After a long and relatively productive (?) summer we return once again to embark on the second year of the IMFSE course. In this brief calm before the impending storm, fully charged with lectures and study sessions galore, I’m left wondering what others might find interesting for me to write about. Incidentally, for those of you not familiar with northern Europe, this figurative study storm is just in time to compliment the literal storm of rain that sweeps over by October which should be done sometime between January (see Italy) or June (see England).
There will be lots of people deliberating on whether or not to apply for the course. Some of you may well be in the same position I was.
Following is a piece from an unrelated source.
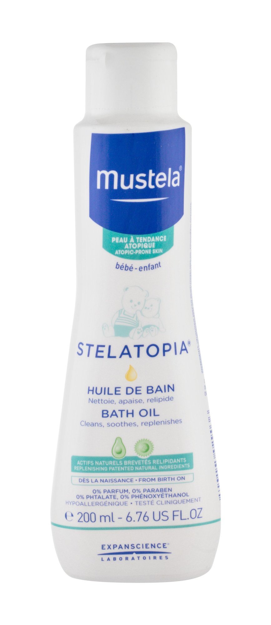 Dopřejte svému miminku zklidňující a pečující lázeň s **koupelovým olejem Mustela Bébé Stelatopia Bath Oil.** ### Proč používat právě koupelový olej Mustela Bébé Stelatopia? * jemně čistí, zklidňuje, zvláčňuje a vyživuje dětskou pokožku, * ideální pro atopickou i citlivou pokožku hned od narození, * nenarušuje přirozenou ochrannou bariéru, * podporuje obranyschopnost pleti, * bez parabenů a ftalátů. ### Správné použití koupelového oleje Bath Oil: Přidejte menší množství oleje do napuštěné vody.

Internally debating, after several year working in the industry, whether or not to return to study. As you deliberate this it is easy to find just as many risks as there are rewards. I think it is only right then that I give you my take on the challenges, the considerations, the nuanced change of perspective, and of course, the aforementioned rewards.
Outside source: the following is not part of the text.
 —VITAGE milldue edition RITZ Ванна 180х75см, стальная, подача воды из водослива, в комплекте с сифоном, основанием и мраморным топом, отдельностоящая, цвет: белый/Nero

But first, some brief context on my background. After finishing my undergraduate degree in fire safety in 2015 I moved to London where I worked as a fire engineering consultant for three years in a multi-disciplinary engineering firm. Fire engineering consultancy is a really fast paced and challenging field in my opinion but rife with opportunity to excel and progress if you choose to work hard and learn fast.
Why go back at all? A calculated risk!
It is so easy to get comfortable in a working environment. After that initial butterfly-in-stomach inducing period of first starting up in the working world it quickly makes way for a calmer, more satisfying, somewhat more self-assured journey. From feeling like you’ll be fired any day not to feeling like part of the furniture. So why then leave? Potentially chartership is your goal? Or maybe you have a sneaking suspicion that you don’t know it all? It can be hard to make that conscious decision to enter back into rockier waters although some, I’m sure, don’t mind mixing things up once in awhile!
The immediate academic challenges
Learning is a skill and a multi-faceted one at that. There is something truly exhausting about having your mind boggled by new information every day that most working environments just don’t prepare you for. I found that to be one of the immediate challenges, just knowing what to write down and what not to. When there is so much to know it can be hard sometimes to know exactly what to write down and what to leave for your subconscious to digest later. Never be afraid to ask, try to find the time to read back on notes a week or so after the dust has settled, don’t forget to take a break when you’re finding it hard to focus. Clichés I know! But tried and tested ones.
Lifestyle, discipline and the insidious nature of study guilt
When you’ve got a 9 to 5 job one of the benefits is being able to settle into a familiar pattern that suits you. It becomes much easier to feel accomplished when you have allocated hours so that you can say, can play drums on a Tuesday and go to the gym on a Thursday (maybe you’ll actually even go this time!). There’s some security in that, and some sense of fulfilment from having everything planned out ahead of time. As you can imagine, where you move to a new country every few months that’s a more testing ask! Not only that but university life often doesn’t lend itself to routine too well. New deadlines, new lectures in new buildings, some weeks are more hectic than others. All these things will disrupt things.
As well as all of this there’s the different mindset to contend with. Often in your work life it’s important to be able to switch off when you get home and I found myself actively trying to discourage any fire engineering-based thoughts once I closed my front door. Whilst downtime is obviously still important it becomes more fluid. There is no office anymore and whilst you’ll often have more time for deadlines then those in the strict working environment there will always be a creeping sense that you could and should have done more. Don’t panic and remember that it’s a normal reaction to wider opportunities.
A quest for knowledge shaping a critical mind
Whilst there are ups and downs I personally think the ups have it resoundingly. You’ll meet people from places you’ve never been before, in settings I for one certainly didn’t have the imaginative capacity to predict, and you will have the privilege to seek out knowledge for a purpose beyond yourself, but rather, and ultimately, to help and improve the world around you. Melodramatic? Perhaps, but worth remembering in a world that does not afford that opportunity to everyone.
I returned to work over the last summer. I think it is a testament to the course on how it did feel more aware of my role and confident in my capacity to fulfil it. So if, like me, you’ve had a few years out from study and stuck between staying where you are or taking up a new challenge know that the road is long but it is its length that makes it worth taking!